Whether it’s the jittery anticipation of a root canal or the psychological torture of an upcoming speech, a painful event often begins showing symptoms long before the event is due. Now researchers are finding the pain associated with dreading such an event can even exceed the pain of the event itself.

A new study conducted by Imperial College London and the Wellcome Trust Center for Neuroimaging, University College London, suggests that when people are presented with two choices – either delaying unavoidable pain or “just getting it over with” – far and away the more preferable option is to expedite the suffering and just get it over with.

Researchers gave subjects the option to receive several electric shocks now or imagine painful dental appointments at various points in the future. A far smaller proportion of people decided on the dental route, opting instead to hasten the pain even when that pain would be greater than in the future. People were more willing, in other words, to experience great pain now than spend prolonged periods of time anticipating marginal amounts of pain.

This signaled to researchers that dread played a large role in motivating people’s fears and, ultimately, their decision-making. If people only considered the painful event, they often had no qualms choosing the later option over the immediate one, because the threat of pain was reduced later on. But when they thought about the hours of dread leading up to that less painful event, suddenly it became the less attractive option. As a result, the subjects opted for the shocks.

While the researchers noted that "further research is required to uncover the constitutive mechanisms of dread,” the present study echoes prior research that found anxiety about certain events registers in the same brain regions as actual pain.

Conducted in 2012 by researchers from the University of Chicago and Western University, in Ontario, the study found children who experience math anxiety leading up to a test produce the same sensations in the brain’s pain network as real pain. Interestingly, the anxiety wasn’t found to impact performance, suggesting that “it is not that math itself hurts,” the researchers explained, but rather, that “the anticipation of math is painful.”

A large body of evidence suggests that anticipation plays a critical role in maintain people’s happiness, and like the study of dread, the anticipation can intensify the feeling even more so than the event itself. Vacations are a prime example. A 2010 study into vacation happiness found that people are more likely to report feelings of happiness in the weeks leading up to the trip than in the time after the trip, and sometimes even during the trip itself.

A group of Dutch researchers took 1,530 adults and examined happiness levels among two groups, the 974 people who had taken vacations at some point during the 32-week study period and the remaining non-vacationers. The team found the largest boost in happiness came not from experiencing the vacation, but the weeks of planning beforehand, a period that lasted, on average, about eight weeks. Many vacationers showed similar happiness levels immediately after their vacation, and even the people who enjoyed the break the most receded back to baseline levels within two weeks.

“Vacations do make people happy,” lead author, Jeroen Nawijn, tourism research lecturer at Breda University of Applied Sciences in the Netherlands, told the New York Times. “But we found people who are anticipating holiday trips show signs of increased happiness, and afterward there is hardly an effect.”

Or consider a 1987 study that asked people how much they’d be willing to pay for a kiss from a celebrity if that kiss happened right now, in 24 hours, in three days, in one year, or in 10 years. Experimenters found people would pay the most not to kiss their celebrity of choice immediately, but to wait three days instead. They didn’t want just to get it over with, the researchers found; rather, to give themselves time to fantasize about the kiss and to imagine what it would be like and where it would take place. It was the anticipation that made the kiss more desirable.

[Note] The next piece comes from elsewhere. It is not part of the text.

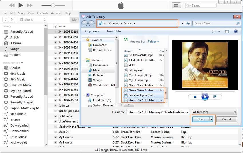Затем выберите песни из компьютера, который вы хотите добавить, а затем нажмите на «Открыть».
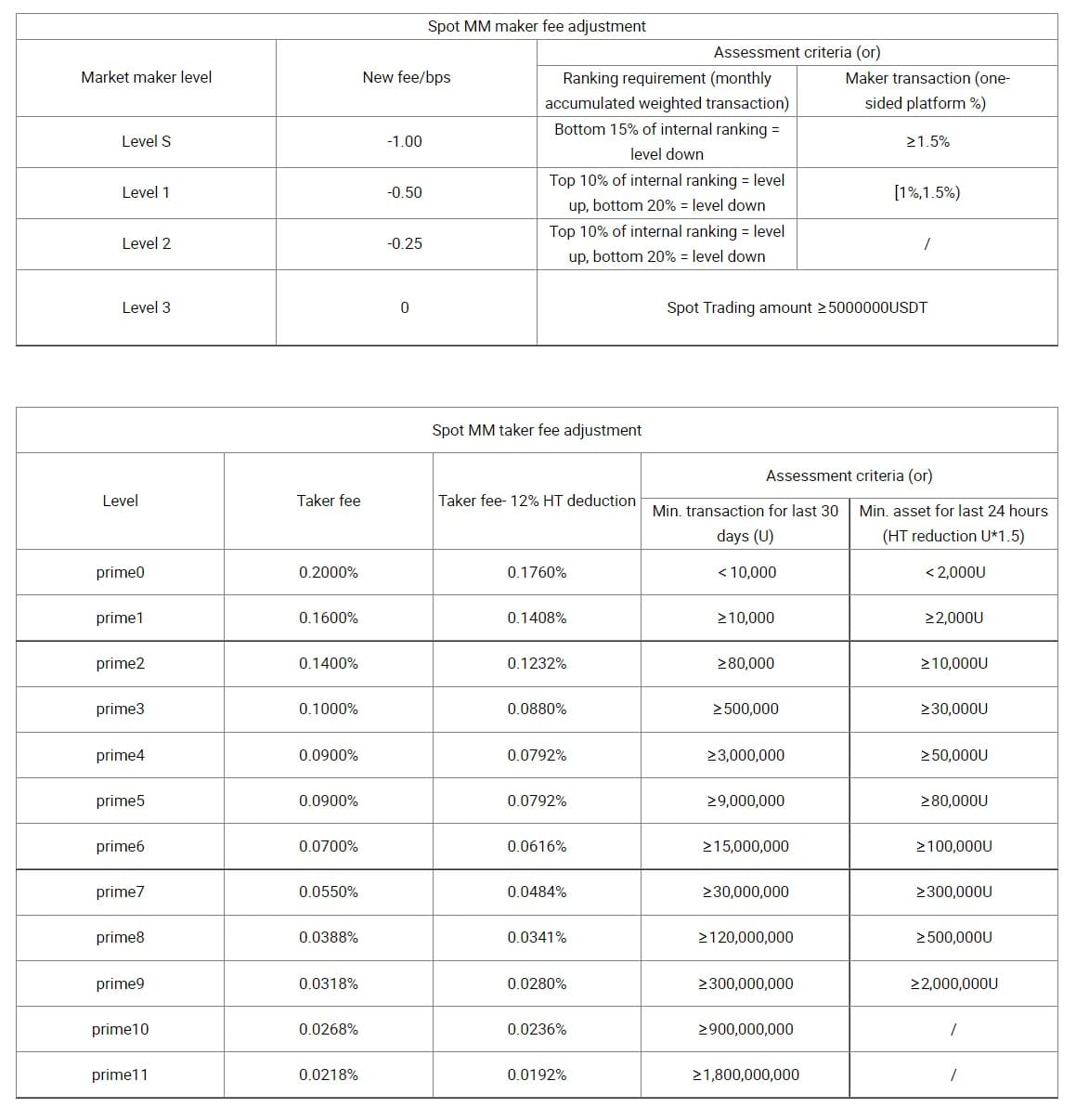 HTX has a tiered fee structure similar to OKX, Binance and KuCoin. Trading fees are dependent on volume and the more Huobi Tokens are held by the customer, the greater the fee discount. If the trader has less than 10 HT, they will be charged a basic rate of 0.2% per trade. Here is a look at the fee table for maker and taker fees:

These principles are, at base, the same principles behind the anticipation of pain being worse than the pain itself. Our imaginations get the better of us, and our expectations get overrun with wild thoughts of endless possibilities. Maybe the dentist’s drill will slip, puncturing our gums, even though such a thing has never happened to us before. And maybe the weather will be perfect the entire two weeks we’re in Aruba, even if the forecast tells us otherwise. Anticipation lets our minds run free, both for better and for worse.

Then reality sets in, and the event passes. Our dental appointment goes off without a hitch and the toothache is gone. We’re happy we went. Or our vacation ends and suddenly two weeks of bliss are now simply a series of photographs, to be hung on the wall of a cubicle first thing Monday morning. “People start working again,” Nawijn said. “They have to catch up. Usually there is a big pile of work for them when they get back from the holiday.”